Description: A 31-year-old woman at 22 weeks gestation was admitted to the intensive care unit (ICU) with hypoxemia from SARS-COV-2. She was started on dexamethasone and remdesivir with increasing oxygen requirements, first requiring intubation and then cannulation for venovenous extracorporeal membrane oxygenation (VV-ECMO). On day six of VV-ECMO, she ejected her cervical mucus plug and had a spontaneous vaginal delivery.
Prior to and following delivery, she remained normotensive; estimated delivery-related blood loss was 500 cc. On postpartum day 5, she had 5L of urine output, and laboratory results showed a serum sodium of 155 mEq/L, urine specific gravity of 1.005 and osmolality of 228 mOsm/kg, and serum osmolality of 311 mOsm/kg. Given these results, a presumptive diagnosis of DI was made.

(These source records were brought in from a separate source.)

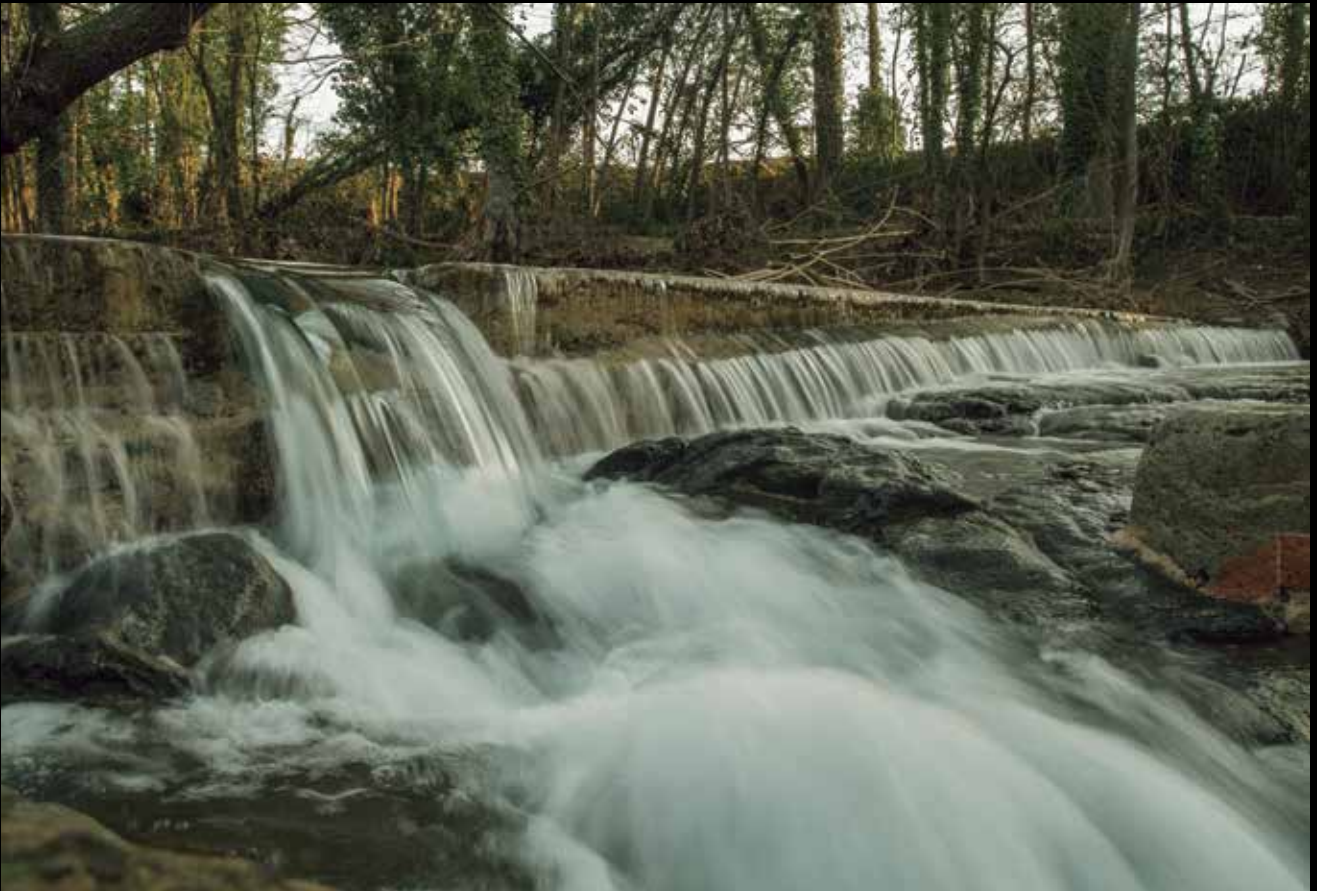
>> Riera de Llémena.
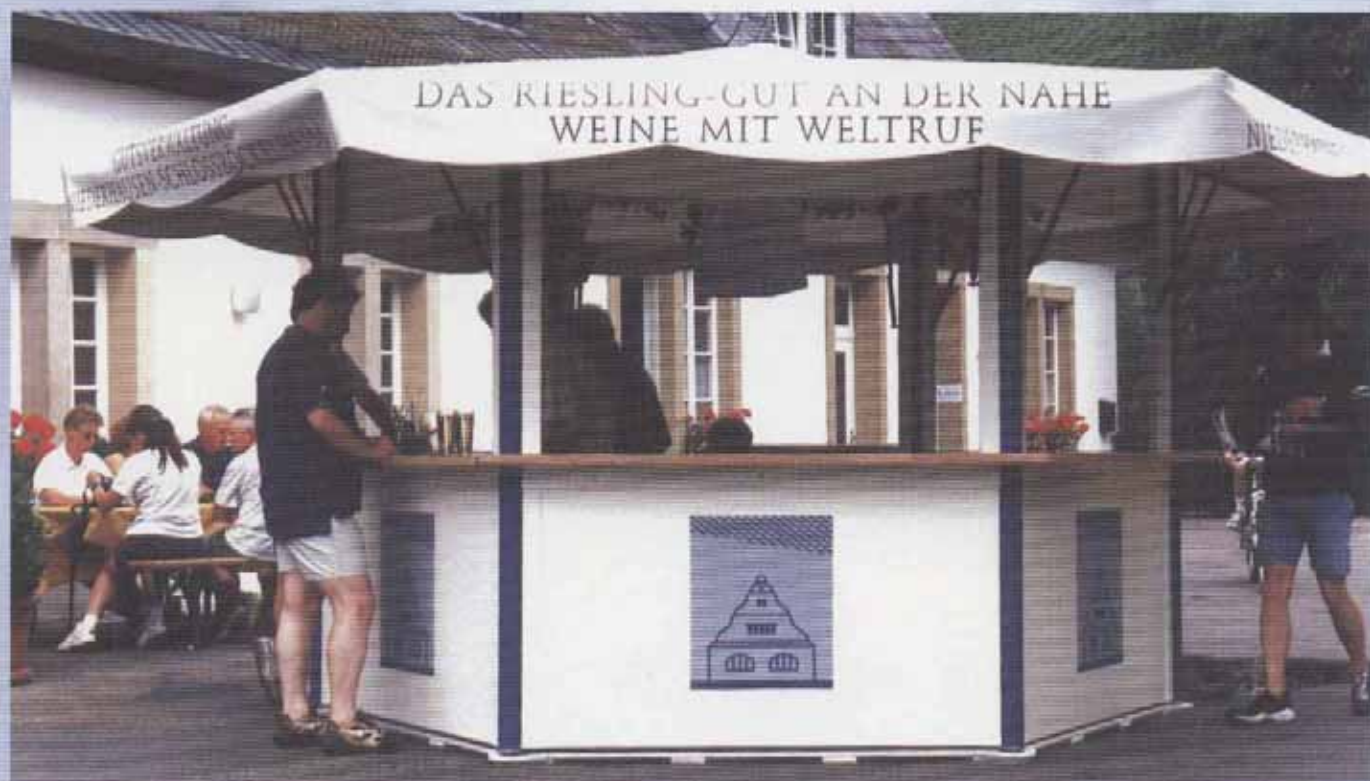
Ecostar "Riesling" mit kleiner Tür und umlaufenden Thekenborden (Art.Nr.3.100)

Der universelle 6-Eck Großpavillon gestaltet nach Ihren Wünschen
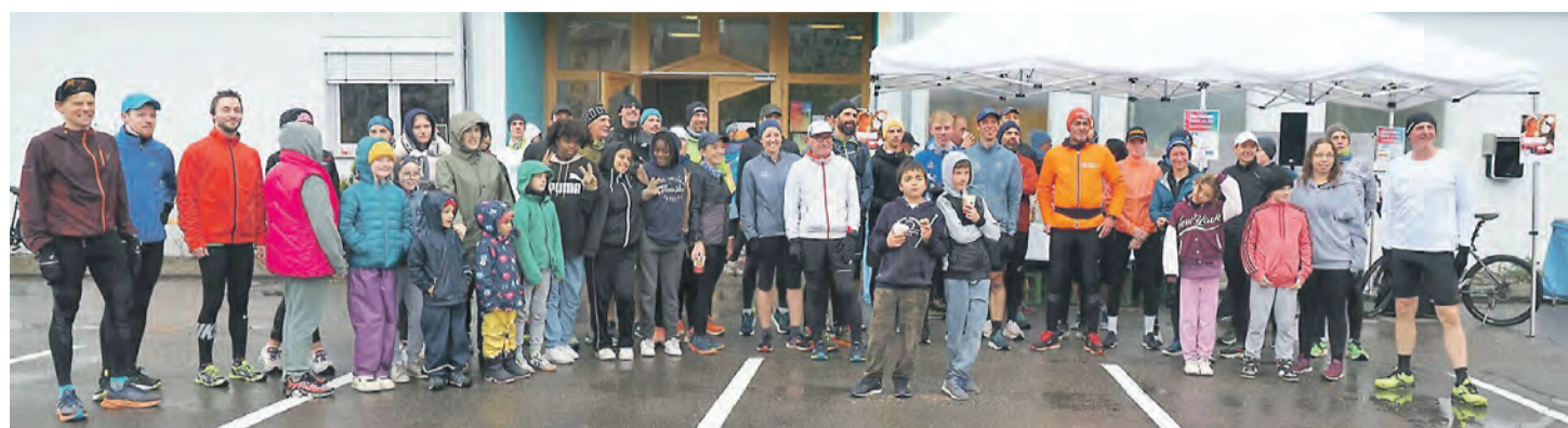
Einer der Laufgruppen beim letztjährigen Volksbank BENEFIZlauf die demonstrierte, wie viel gute Laune ein Läuferchen rund ums Obstbaudort Wahlwies machen kann.
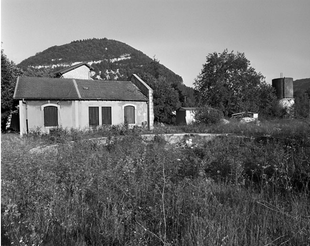
Foyer des roulants (cantine et logement), à l'arrière de la fosse du pont tournant. Bâtiment détruit fin 2005 - début 2006. 01, Montréal-la-Cluse place de la Gare
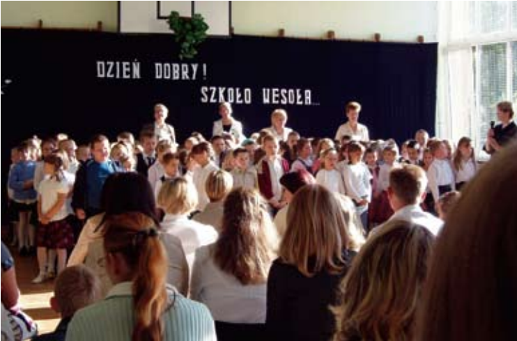
Akademia z okazji rozpoczęcia roku szkolnego w Szkole Podstawowej w Nasielsku.

W poniedziałek, 1 września uczniowie i nauczyciele uroczyscie powitali nowy rok szkolny. Tradycyjnie towarzyszyły temu mieszane uczucia. Niektórzy mieli miny co najmniej nietęgę, inny cieszyli się, bo szkoła to przecież nie tylko nauka, ale i życie towarzyskie. Najbardziej przejęci byli ci, którzy szkolne
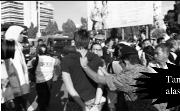
Tangkapan tanpa alasan munasabah

69 orang termasuk 10 ADUN dan ahli parlimen Pakatan Rakyat telah ditahan di sekitar DUN Perak sewaktu sidang dewan sedang berlangsung tanpa sebarang alasan yang munasabah.
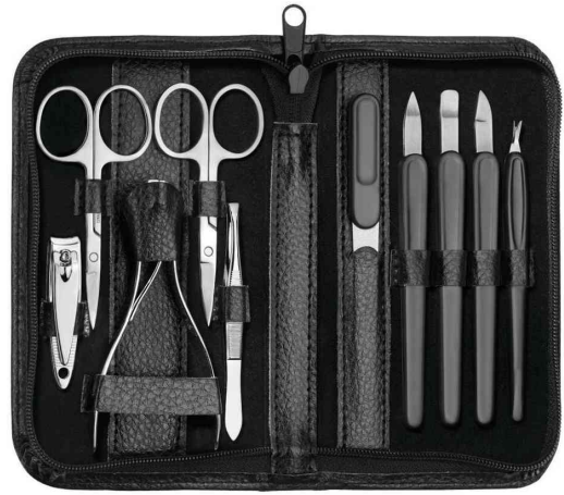
Manikür-Set, schwarz, Innenansicht
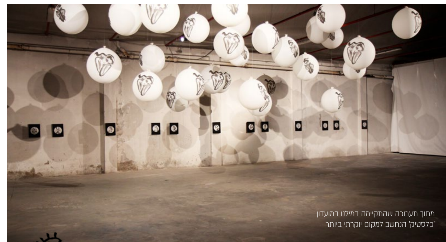
מתוך תערוכה שהתקיימה במילנו במועדון 'פלסטיק' הנחשב למקום יוקרתי ביותר
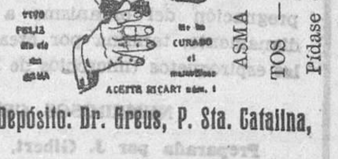
Depósito: Dr. Breus, P. Sta. Catalina.

Por las enseñanzas que de esta conferencia podrán deducirse, el Instituto Médico Valenciano invita para dicho acto a las profesiones sanitarias y alumnos de Medicina y Ciencias.
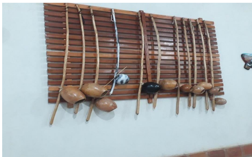
Figura 5: Berimbaus confeccionados pelo projeto Adote.

É pertinente ressaltar que a discussão sobre temas sociais é bem corriqueira no Projeto Adote, observa-se que os professores têm essa postura de conscientizar os jovens acerca de vários problemas existentes no cotidiano; drogas, violência, marginalização, racismo, etc. Nesse sentido as aulas ficam organizadas semanalmente e divididas com oficinas de capoeira regional, capoeira angola, aula teórica, oficina de instrumentos (figura 5), oficina de musicalidade, oficina de samba de roda e maculelê e oficina de artesanato. Os dois últimos acontecem a cada 2 meses, sendo intensificado perto do evento de troca de cordas que acontece uma vez no ano no mês de outubro.
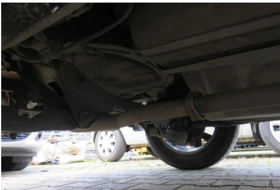
Fot. 58. zbiornik paliwa
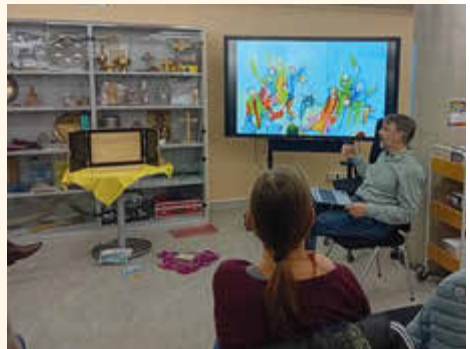
Vorstellung des Kamishibais

Zudem wurden die vielfältigen Materialien, Bücher und Zeitschriften vorgestellt, die im RMZ ausgeliehen werden können. Anschließend hatten die Teilnehmerinnen Gelegenheit, zu stöbern, Fragen zu stellen und neue Ideen zu sammeln. Ein gemeinsames Gebet rundete den Abend ab. Übereinstimmend waren die Teilnehmerinnen der Meinung, dass es eine bereichernde Gelegenheit war, wertvolle Impulse zu erhalten und sich mit anderen Engagierten auszutauschen.
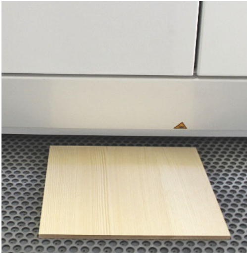
1. Schliff mit Korn 180 und Strukturieren der Oberfläche mit einem Bürstenaggregat, im Idealfall mit einem Schleifautomat
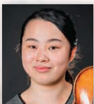
堀真亜菜 (ヴァイオリン)
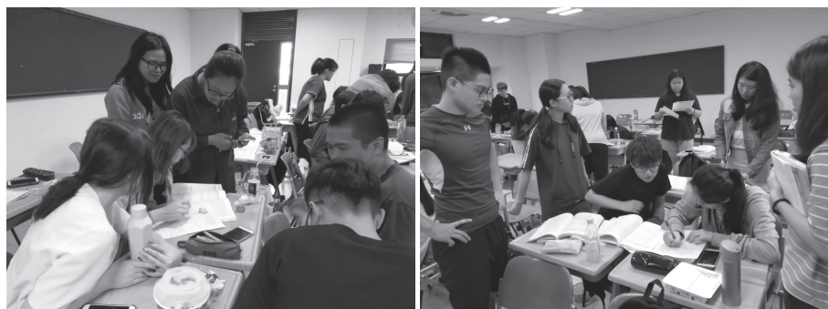
圖3 影片觀後小組討論剪影

在質性資料的蒐集及分析中，顯示實施「學思達」教學策略於問卷調查、開放性問答題、心得作業、反思日誌等學習成效的評量呈現的是一致性結果。雖然在「老人溝通」單元，學生的抱怨聲未曾間斷，作業的執行及完成度較為費力困難，是吃力不討好的教學活動之一，但量化問卷結果呈現的卻是正向的，學生肯定「與老人溝通訪談」的教學方案，在質性資料更證實了教學策略能達到實務教學及應用關懷老人的目標。影片觀賞的教學帶給學生許多的震撼與思考。學生表露出對失智症疾病帶來的威脅及照顧上滿滿的無力感，同時也對失智症症狀有深刻的理解。影片觀後小組討論剪影如圖3所示。「學思達」教學法的教學理念，將學習的知識與學生生命、處境和現實發生關聯，達到教學研究目的，強化學生專業智能之培育，展現同理關懷老人，增進提升課程學習興趣及溝通能力之教學目標。

She was treated with intravenous desmopressin, with a post-desmopressin urine osmolality of 397 mOsm/kg, suggesting an appropriate response and thus ruling out nephrogenic DI. Transient DI of pregnancy was thought a less likely etiology, given the four days between delivery and development of DI. Approximately 24 hours prior to her diagnosis, she had severe chatter on her ECMO circuit, causing shutoff of the oxygenator and decrease in her oxygen saturation to 30%. This was quickly corrected, but it seems possible this hypoxic insult could have precipitated her DI.
Discussion: There are reports of central DI in critically ill patient with ARDS, with hypoxia-induced hypothalamic injury as the suggested etiology. Similarly, reports exist of central DI following discontinuation of vasopressin for shock or associated with HELLP or Sheehan syndromes—none of which apply to this patient. This remains the first instance we can find of postpartum central DI in COVID infection.